Anyone interested in reading a book that will prompt a deeper understanding of the complexities of racism should find a copy of The Problem with the Other Side by Kwame Ivery. This occasionally humorous but heartbreaking novel follows the lives of a pair of teens in New Jersey whose sisters decide to run for study body president.

By alternating between the perspectives of Sallie Walls and Ulysses Gates (aka Uly), Ivery invites his readers to confront their own biases while also considering the nuances of a mixed-race relationship in a world where two people with a simple pigmentation difference often cannot date without repercussions.
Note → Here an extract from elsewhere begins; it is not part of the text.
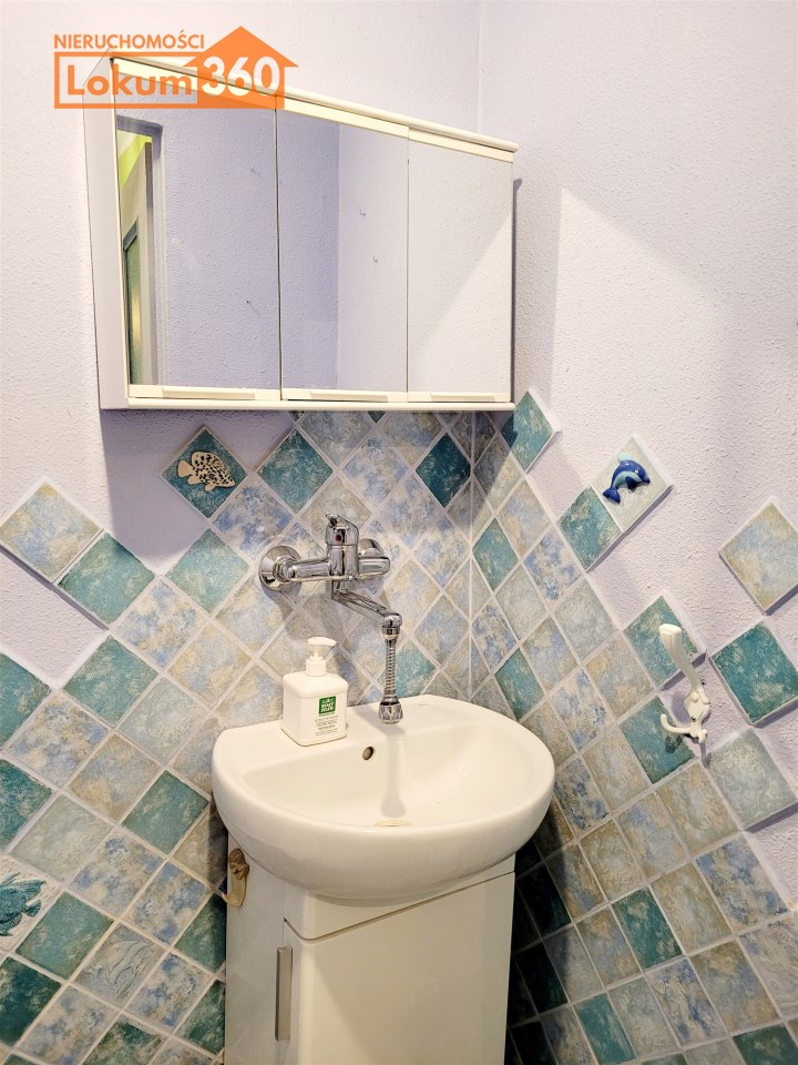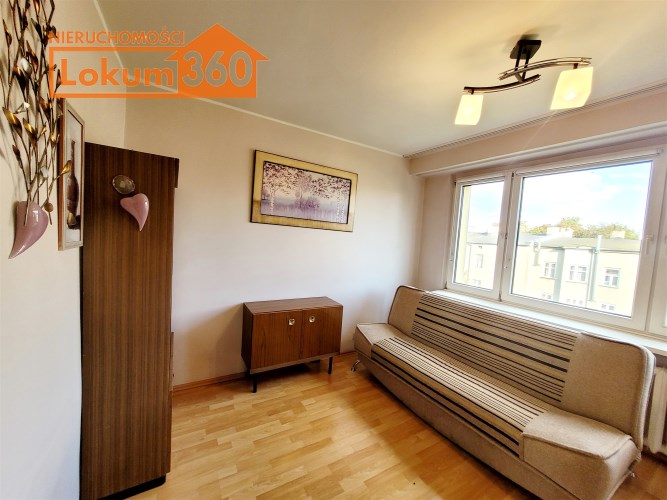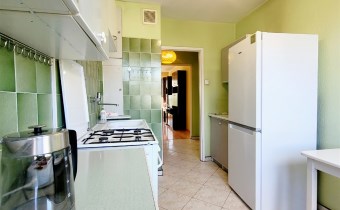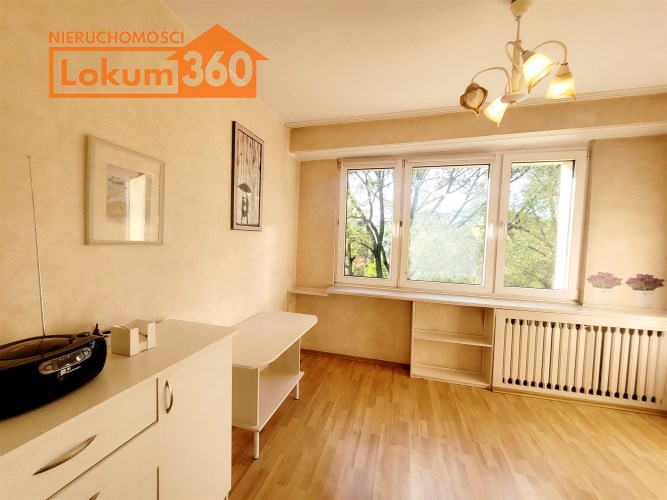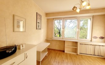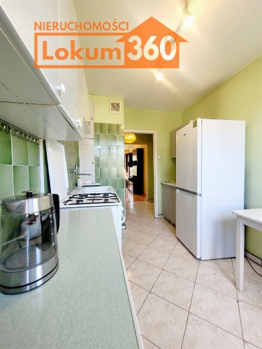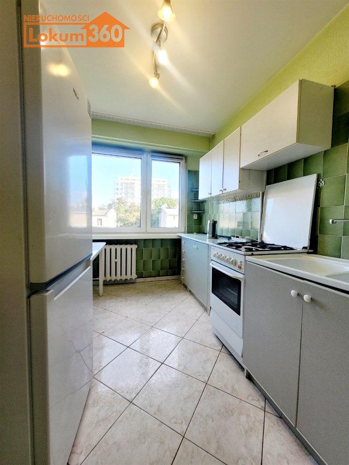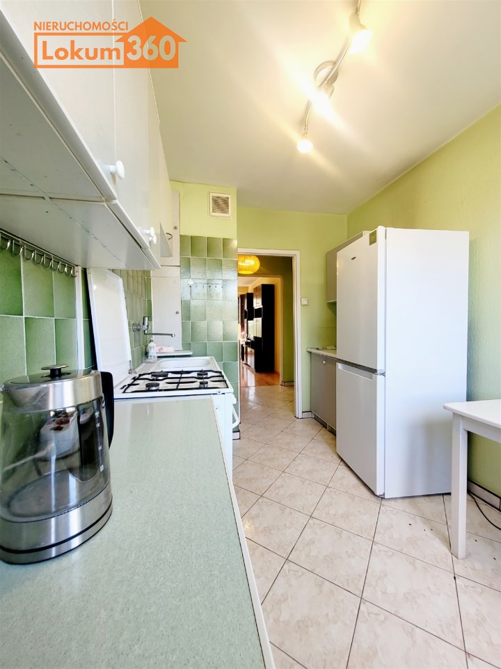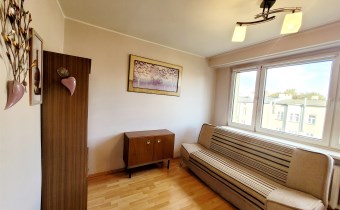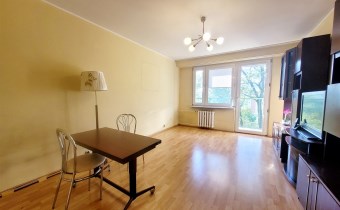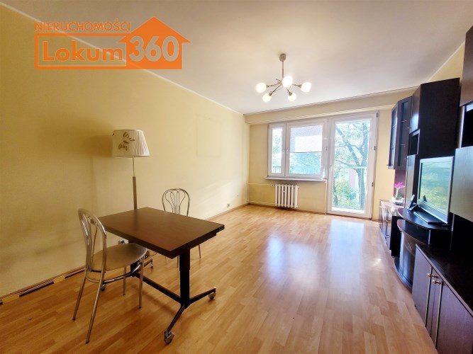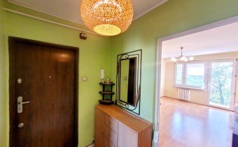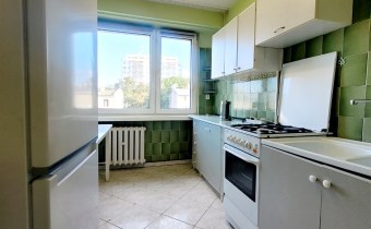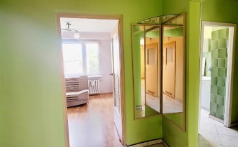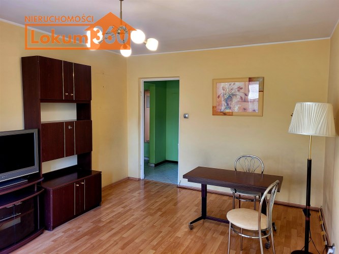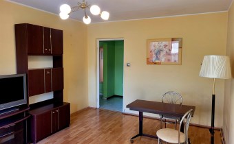 To mieszkanie usytuowane jest na 3 piętrze w niskim bloku bez windy. Jest ono częściowo umeblowane i wyposażone. Przestronna kuchnia z meblami, kuchenką gazową, lodówką. Pokoje do własnej aranżacji obecnie wyposażone w jedną kanapę, meblościankę, szafę, stół i komodę. Łazienka z kabiną prysznicową, umywalką i pralką. Toaleta z umywalką. Przedpokój z szafą.

While participating in high school theater, sophomores Sallie and Uly bond over their love for the film The Good, the Bad and the Ugly and discover an attraction for one another. Not a fan of classic and boring beauty, Uly appreciates “Quirky, curveball beauty. Beauty that makes [a person] wonder” (48). Although Sallie’s sister Leona is a head-turner, Sallie is a mind-turner with “the deep, hypnotic voice of an Amazon warrior” (48).

A romantic, Uly makes Sallie feel like a walking generator.  She finds him funny, cute, nice, edgy, and stylish—all in the same package. However, Uly isn’t a fan of his romantic side because the engine of a romantic runs on the heart and just like an engine, it has the potential to break down.

As tensions escalate at Knight High School and Leona decides those are tied to racial unrest, she coins the phrase Turn Knight Back into Day and uses it as a platform for her presidential campaign. In response, Uly’s sister Regina alters all of Leona’s posters to read: Turn Knight Black Today and runs as her opponent. With their siblings serving as their campaign managers, the two presidential candidates throw shade at one another while Uly and Sallie attempt to keep their relationship separate but united. Despite their best efforts, the pair get caught in the middle of racial tension. When either one rewards a sister, each experiences a conflict of interest and a threat to togetherness. Both try to crack the code of cultural border crossing and to mediate the extremist positions they see in their sisters’ “hate-orade.”

The multiple conflicts encourage critical thinking on the part of the reader.  At one point, Ivery has his character Leona say: “The kids who hung up those [Confederate] flags are no more wrong than those who vandalized them. Do you know what it’s like when something that means so much to you is vandalized? All because the vandalizers think they have a right to destroy something they disagree with. . . .  Every object in this world is, like neutral. It’s us who make it into something more: we make it into something racist if we prefer to be the victim, or we make it into something hopeful if we prefer to be somebody who looks at the brighter side of life” (248).

As the school’s makeover ensues and each new takeover of popularity manifests, the reader wonders whether such nastiness needs to be part of the campaign process. Perhaps it does, as hidden agendas and ugly truths get unearthed. One also wonders how often money gets used to leverage votes. As one character remarks, “Insults fade when you get paid” (277).

Worth the read, Ivery illustrates the devastating consequences of racism and gives us several key issues to think about. Sallie asks a good question when she says, “And if they were bold enough to kill a rat or find a rat already killed and put it in my locker, who’s to say they weren’t bold enough to not be joking about hurting my boyfriend?” (284). Because life is messy and good literature reflects life, readers will find good, bad, and ugly elements in this book–food for thought.